[Start of Attachment]

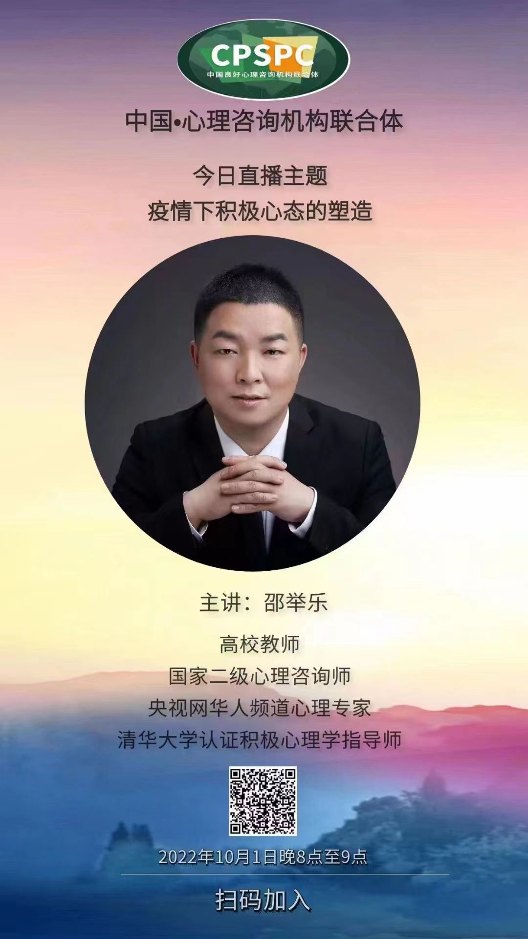 为了在疫情防控静态管理周引导学生合理自我调节情绪并进行积极的心理建设,学生工作处于2022年10月1日晚20:00-21:00组织全体学生线上观看以“疫情下积极心态的塑造”为主题的心理讲座。本次讲座的主讲老师为国家二级心理咨询师邵举乐。
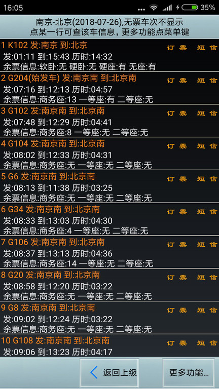 · 实时查询火车余票信息,与铁道部门实时一致,支持订票功能
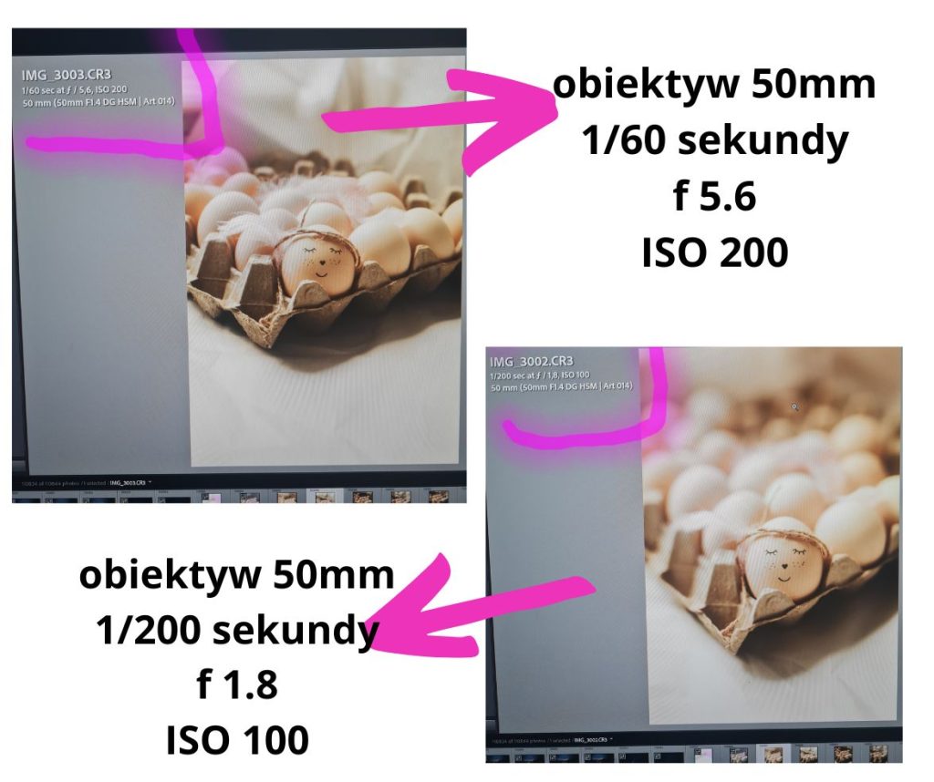 Wszystkie zdjęcia tu zrobiłam telefonem. Aparatem kilka kadrów, żeby pokazać Ci, że można to zrobić też na dużej przysłonie (tu dla porównania 1.8 i 5.6), bo często widzę rozmowy, że słabym obiektywem się czegoś nie da. No dużo się da i na pewno da się zrobić takie zdjęcie i to jeszcze z rozmyciem. Tylko rób to pod kątem czyli nie z góry, ale tak około 45 stopni i wtedy reszta jajek będzie tworzyć tło.
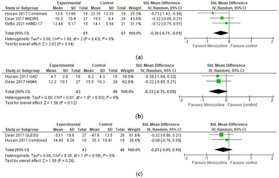 Chicago/Turabian StylePanizzutti, Bruna, David Skvarc, Sylvia Lin, Sarah Croce, Alcy Meehan, Chiara Cristina Bortolasci, Wolfgang Marx, Adam J. Walker, Kyoko Hasebe, Bianca E. Kavanagh, and et al. 2023. "Minocycline as Treatment for Psychiatric and Neurological Conditions: A Systematic Review and Meta-Analysis" International Journal of Molecular Sciences 24, no. 6: 5250. https://doi.org/10.3390/ijms24065250
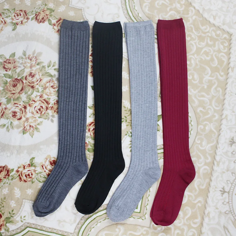Lbsfy Women Solid Color Cotton Thigh High Over The Knee Stockings for Lady Girl Black White Grey Warm Long Stocking Sexy JK Y2K Medias
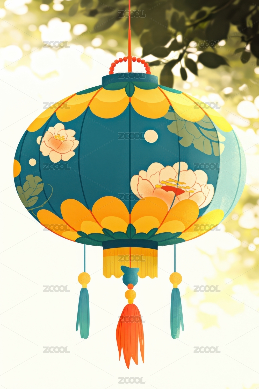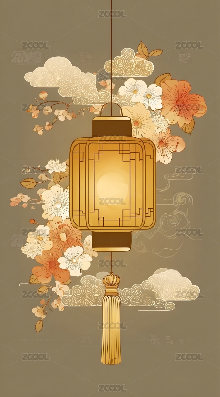 国风,花灯,繁花,古韵,诗意,传统,灯笼,花朵,云朵,中式
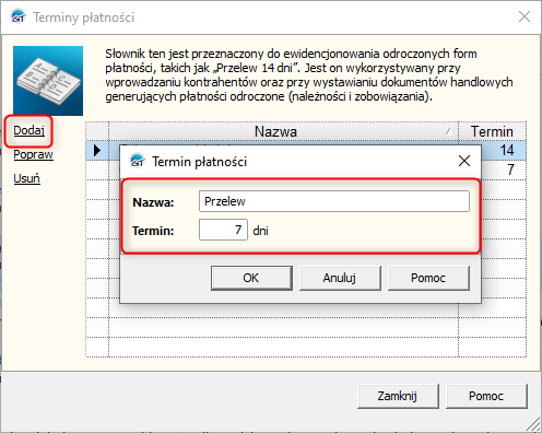 2. Przy pomocy przycisku Dodaj utworzyć nową formę płatności. Wprowadzić nazwę Przelew, można też dodać nazwę banku (np. Przelew ING). Termin jest domyślną liczbą dni do zapłaty, którą przy wystawianiu faktury można edytować. Utworzenie formy płatności zatwierdzić przyciskiem OK, a następnie zamknąć słownik Terminy płatności przyciskiem Zamknij.
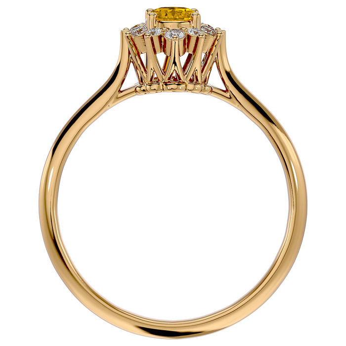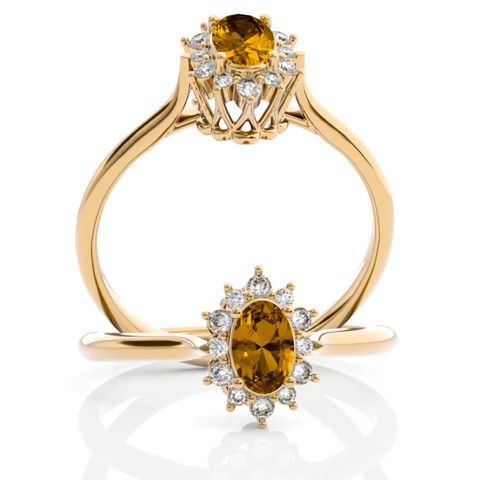 This elegant gemstone ring features one 6x4mm oval shape citrine gemstone at approximately 1/2 carat. It is surrounded by 12 sparkling diamonds in I-J color, I1-I2 clarity at 0.15 carat total weight. Total gem weight is approximately 2/3 carats. This ring is in 14 karat yellow gold.

[End of Attachment]

• **Problem requirements**:
Nothing but the lines from the one containing "2. Przy pomocy" through the last line of the records above should appear, each repeated exactly, with no pictures.

• **Written solution**:
 2. Przy pomocy przycisku Dodaj utworzyć nową formę płatności. Wprowadzić nazwę Przelew, można też dodać nazwę banku (np. Przelew ING). Termin jest domyślną liczbą dni do zapłaty, którą przy wystawianiu faktury można edytować. Utworzenie formy płatności zatwierdzić przyciskiem OK, a następnie zamknąć słownik Terminy płatności przyciskiem Zamknij.
 This elegant gemstone ring features one 6x4mm oval shape citrine gemstone at approximately 1/2 carat. It is surrounded by 12 sparkling diamonds in I-J color, I1-I2 clarity at 0.15 carat total weight. Total gem weight is approximately 2/3 carats. This ring is in 14 karat yellow gold.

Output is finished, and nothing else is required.